Problem of Unidirectional Models

Throughout the vanishing and exploding gradient problems and long-term dependencies of traditional Recurrent Neural Networks, yet there is an another problem for traditional Recurrent Networks. The characteristics of a sequential data could be unidirectional or bidirectional. Lack of traditional Recurrent Neural Networks is that the state at a particular time unit only has knowledge about the past inputs up to a certain point in a sequential data, but it has no knowledge about future states. What do I mean when I said unidirectional or bidirectional features of a sequential data?

In certain applications like language modelling, the results are vastly improved with knowledge about both past and future states.
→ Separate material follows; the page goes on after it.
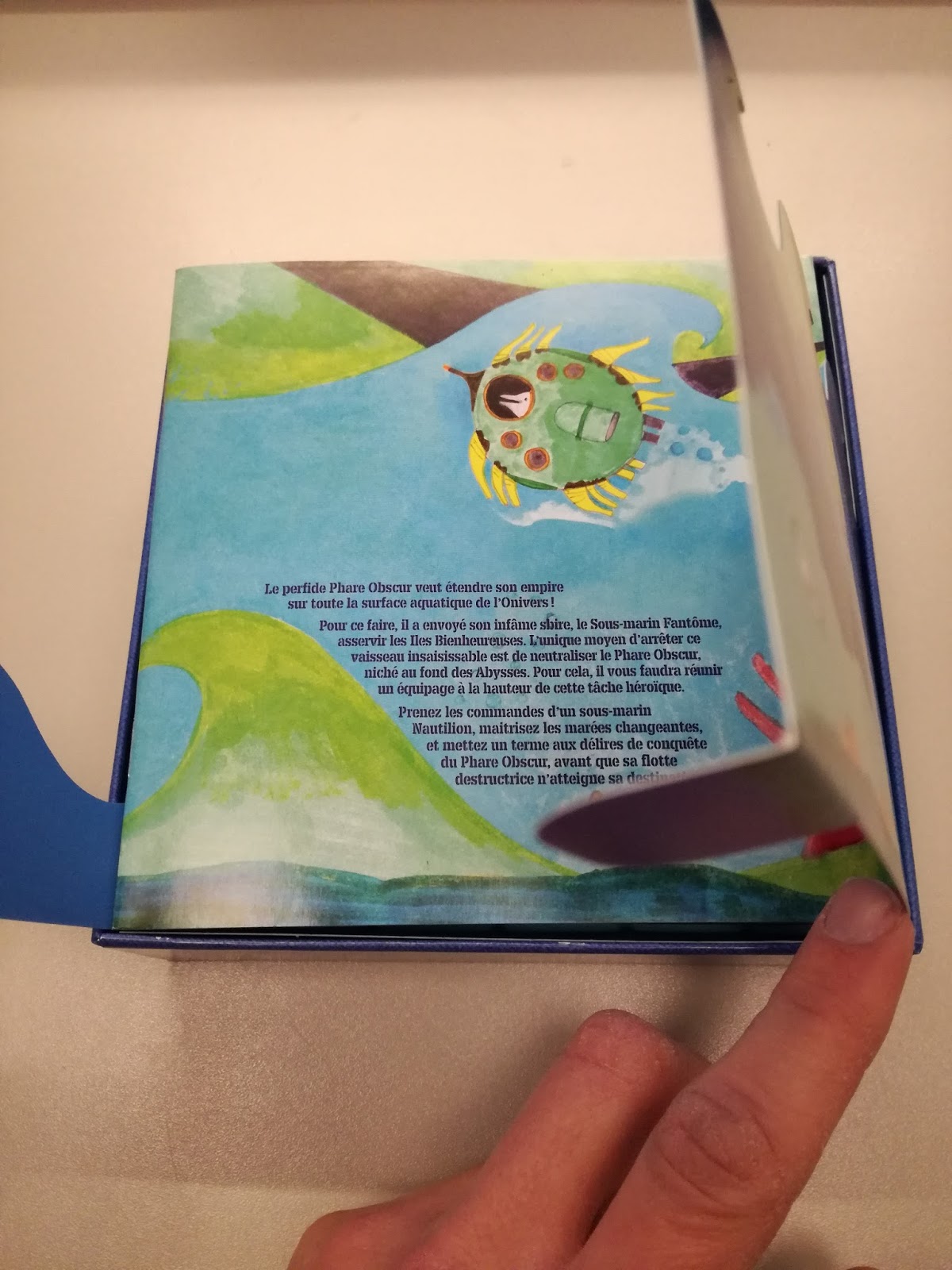 Comme quasiment tous les jeux de la gamme (Onirim, Equilibrion, Sylvion et Castellion) du même auteur belge, Nautilion est un jeu qui se pratique en solitaire ou en duo. Les règles sont très simples : pour gagner, il vous faudra atteindre les abysses avant que le sous-marin fantôme n’atteigne les îles Bienheureuses. Mais pas que, car il vous faudra également avoir recruté les 9 membres d’équipage nécessaires au bon fonctionnement de votre sous-marin. Heureusement, vous avez pensé à prendre votre Grimoire de sorts avec vous, il vous sera peut-être utile.
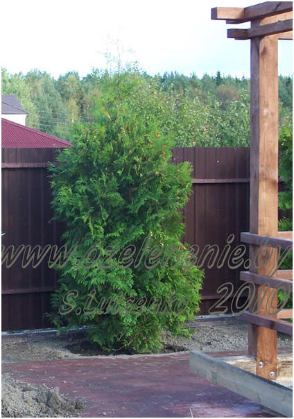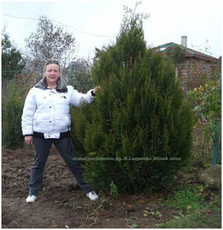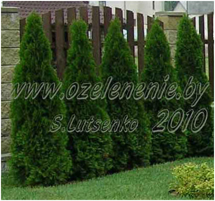Статьи о ландшафтном дизайне и растениях Зимой и летом...Статья + фотографии молодых и взрослых туй разных сортов.Больше информации - в нашем Каталоге растений. Да, мы любим хвойные вечнозелёные растения именно за это. Они радуют глаз зеленью в любое время года, и даже тогда, когда другие растения становятся прозрачными и незаметными. А ещё они такие разные... Есть среди них огромные деревья, кустарники и даже ползучие, так называемые «ковровые» формы, высота которых не превышает 15 сантиметров. Хотя большинство видов имеет привычный зелёный цвет, сейчас всё чаще встречаются сорта с серебристой, серой, голубоватой и даже жёлтой хвоей. Наверняка всем известно такое растение, как туя. В Беларуси распространена туя западная (есть и другие виды, например, туя восточная, но она более теплолюбива). Саженцы туи продаются во всех питомниках и садовых центрах, и выглядят молодые растения примерно одинаково, хотя названия на ценниках написаны разные. Самой популярной и красивой считается туя сорта «Smaragd». Она же считается и наиболее дорогой. На самом деле, это аккуратное деревце в форме узкого конуса. Оно достигает в высоту 3-4 м., а в диаметре крона составляет всего лишь 80-100 см. Туя «Smaragd» не нуждается в обрезке, потому что всегда остается пышной и пушистой. Разве что макушку можно укоротить если в этом есть необходимость. Если вы захотите сделать «живую изгородь» из «Smaragd», помните, что она не разрастается в ширину, то есть кроны сидящих на небольшом расстоянии туй могут не сомкнуться, получится своеобразный «частокол», в котором, правда, есть своя прелесть. А чтобы получить плотную зелёную стенку, высаживайте туи этого сорта, соблюдая расстояние между стволами не более 60-80 см. Туя западная Smaragd хороша сама по себе.

Let’s give a very simple example based on a very simple sentence: “The rat ate cheese”.

Figure 1: Phrase tree of “The rat ate cheese.” test image size

The word “rat” and the word “cheese” are related in someway. There is a ‘passive’ advatage in using knowledge about both the past and future words. Cheese is generally eaten by rats and rats generally eat cheese. As I said this is a very simple example.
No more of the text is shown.